The Charge HR uses a sensor called PurePulse which continually keeps track of your heart’s beats per minute (BPM) whether you’re active or at rest. This PurePulse monitoring is more accurate for burned calories information, and you can discover which things—like emotional changes and caffeine consumption—affects your heart rate. Not only that, but you can utilize your maximum heart rate and workout to a variety of intensities.
There are four sensors in the UP3 known as bioimpedance monitoring. What’s that? It relates to your body’s reaction to changes and little stimuli. To give you an accurate view of your health these sensors monitor breathing, electrical skin response, resting heart rate and skin temperature. Recently, Jawbone updated their UP3 with continuous heart rate tracking.
We all need a good night’s sleep, and if you’re feeling sluggish in the mornings, maybe a sleep tracker will benefit you. Sleep detection is performed automatically in the Charge HR. But the sleep monitor is simple and allows you to view hours of sleep, set sleep goals and see sleep restlessness.
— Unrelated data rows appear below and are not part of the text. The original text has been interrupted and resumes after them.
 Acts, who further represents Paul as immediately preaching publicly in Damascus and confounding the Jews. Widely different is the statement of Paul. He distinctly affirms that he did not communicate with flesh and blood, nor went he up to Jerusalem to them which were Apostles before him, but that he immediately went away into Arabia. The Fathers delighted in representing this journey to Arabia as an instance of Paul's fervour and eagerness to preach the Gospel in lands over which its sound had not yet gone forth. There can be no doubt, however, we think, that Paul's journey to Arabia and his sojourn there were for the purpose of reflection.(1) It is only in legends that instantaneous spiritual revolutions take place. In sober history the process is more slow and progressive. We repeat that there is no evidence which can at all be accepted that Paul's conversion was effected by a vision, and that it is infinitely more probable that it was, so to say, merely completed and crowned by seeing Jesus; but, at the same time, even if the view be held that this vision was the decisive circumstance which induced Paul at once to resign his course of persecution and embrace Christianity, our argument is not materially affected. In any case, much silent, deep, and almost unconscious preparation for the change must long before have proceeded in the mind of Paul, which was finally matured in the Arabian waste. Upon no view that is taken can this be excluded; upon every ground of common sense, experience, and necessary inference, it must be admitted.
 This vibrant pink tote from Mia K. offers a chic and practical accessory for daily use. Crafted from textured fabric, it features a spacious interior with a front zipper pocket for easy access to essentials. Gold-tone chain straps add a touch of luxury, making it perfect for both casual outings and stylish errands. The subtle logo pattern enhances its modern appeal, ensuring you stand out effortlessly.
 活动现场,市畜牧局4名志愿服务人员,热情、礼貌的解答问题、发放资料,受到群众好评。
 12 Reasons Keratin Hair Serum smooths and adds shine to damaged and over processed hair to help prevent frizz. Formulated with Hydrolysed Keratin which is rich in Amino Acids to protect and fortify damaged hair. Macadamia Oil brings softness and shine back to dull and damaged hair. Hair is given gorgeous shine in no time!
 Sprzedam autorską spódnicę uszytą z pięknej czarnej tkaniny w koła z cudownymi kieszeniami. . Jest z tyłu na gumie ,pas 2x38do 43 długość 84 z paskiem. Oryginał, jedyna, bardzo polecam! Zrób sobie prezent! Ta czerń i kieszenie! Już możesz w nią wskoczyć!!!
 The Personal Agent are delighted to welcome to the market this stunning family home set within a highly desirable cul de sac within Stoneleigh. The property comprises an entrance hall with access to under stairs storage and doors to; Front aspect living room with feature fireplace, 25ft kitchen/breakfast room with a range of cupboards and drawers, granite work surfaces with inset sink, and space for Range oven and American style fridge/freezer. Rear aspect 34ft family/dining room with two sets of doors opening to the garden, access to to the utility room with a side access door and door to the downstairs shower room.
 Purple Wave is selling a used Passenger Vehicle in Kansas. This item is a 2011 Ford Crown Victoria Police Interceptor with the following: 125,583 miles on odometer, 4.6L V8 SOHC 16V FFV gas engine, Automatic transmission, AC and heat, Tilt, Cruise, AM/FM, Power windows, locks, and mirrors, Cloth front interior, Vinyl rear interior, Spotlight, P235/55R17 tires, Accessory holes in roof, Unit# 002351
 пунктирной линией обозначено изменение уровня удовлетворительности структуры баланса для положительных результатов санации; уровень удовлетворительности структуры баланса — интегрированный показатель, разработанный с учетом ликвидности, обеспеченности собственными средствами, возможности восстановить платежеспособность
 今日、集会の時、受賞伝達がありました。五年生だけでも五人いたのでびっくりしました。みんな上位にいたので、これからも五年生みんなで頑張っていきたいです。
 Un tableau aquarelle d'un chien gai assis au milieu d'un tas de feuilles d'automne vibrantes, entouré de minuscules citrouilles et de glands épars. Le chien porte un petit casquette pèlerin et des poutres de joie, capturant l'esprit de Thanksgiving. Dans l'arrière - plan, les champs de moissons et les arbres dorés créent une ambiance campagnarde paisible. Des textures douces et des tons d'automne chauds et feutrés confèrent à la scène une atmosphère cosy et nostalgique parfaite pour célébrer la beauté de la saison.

That’s all—you can’t view anything about levels of sleep. Charge HR does have a vibration alarm you can set to wake you which is better than hearing an annoying buzz!
But taking the lead in this race is the UP3 as their sleep tracker is a bit more advanced. It’s similar to the Charge HR in that it has automatic sleep detection and a vibration alarm, but that’s where the similarities end. UP3 sleep monitor is more accurate because it can identify what sleep stage you’re in—light, REM or deep sleep—and give suggestions as to how to enhance your slumber. Now that’s awesome!
The Fitbit app works well with Android, Windows and iOS smartphones and on the Fitbit Leaderboard you can challenge others in the community and invite friends to join in.
Recently, the famous fitness app, Strava, was made compatible with Fitbit gadgets, which is a plus for the Charge HR. You can only receive notifications via your smartphone’s caller ID, and they’ll show up on the OLED—sorry, no email or text notifications!
Jawbone’s UP app is also a respectable app and is compatible with Android and iOS. If you belong to Twitter or Facebook, you’re able to link the UP app and share your stats (same with Fitbit). You can also compare your results with your friends who also use Jawbone. However, if you have different fitness trackers, you can't compete and monitor each other's data within Fitbit or Jawbone community. But you can connect to your friends, family and co-workers and get into social fitness with free apps like inKin.
UP3 is more detailed when it comes to notifications; the LEDs will blink white, and the band will vibrate when you get an email, text, a call or social media notifications. But, remember, the UP3 doesn’t have a screen so you’ll need to have your phone nearby.
The Charge HR and UP3 aren’t waterproof. So you can’t shower or swim while wearing the device. But the devices are water-resistant which means it’s rain, sweat and splash proof.
What about battery life? Well, for the Charge HR the battery life is pretty decent—roughly 5 days before it needs to be charged. It can take up to two hours for the gadget to completely charge and then you’re ready to go. Jawbone’s UP3 battery, however, can last about 7 days and takes the same amount of time to charge—around two hours.
You’ll have to shell out $179.99 for the Jawbone UP3 while Fitbit’s Charge HR is less pricey at $149.99.
Both companies insist they have the best fitness tracker on the market. But what’s apparent is that the Charge HR and Jawbone UP3 are miles ahead of the previous versions.
Which fitness tracker won the race for you?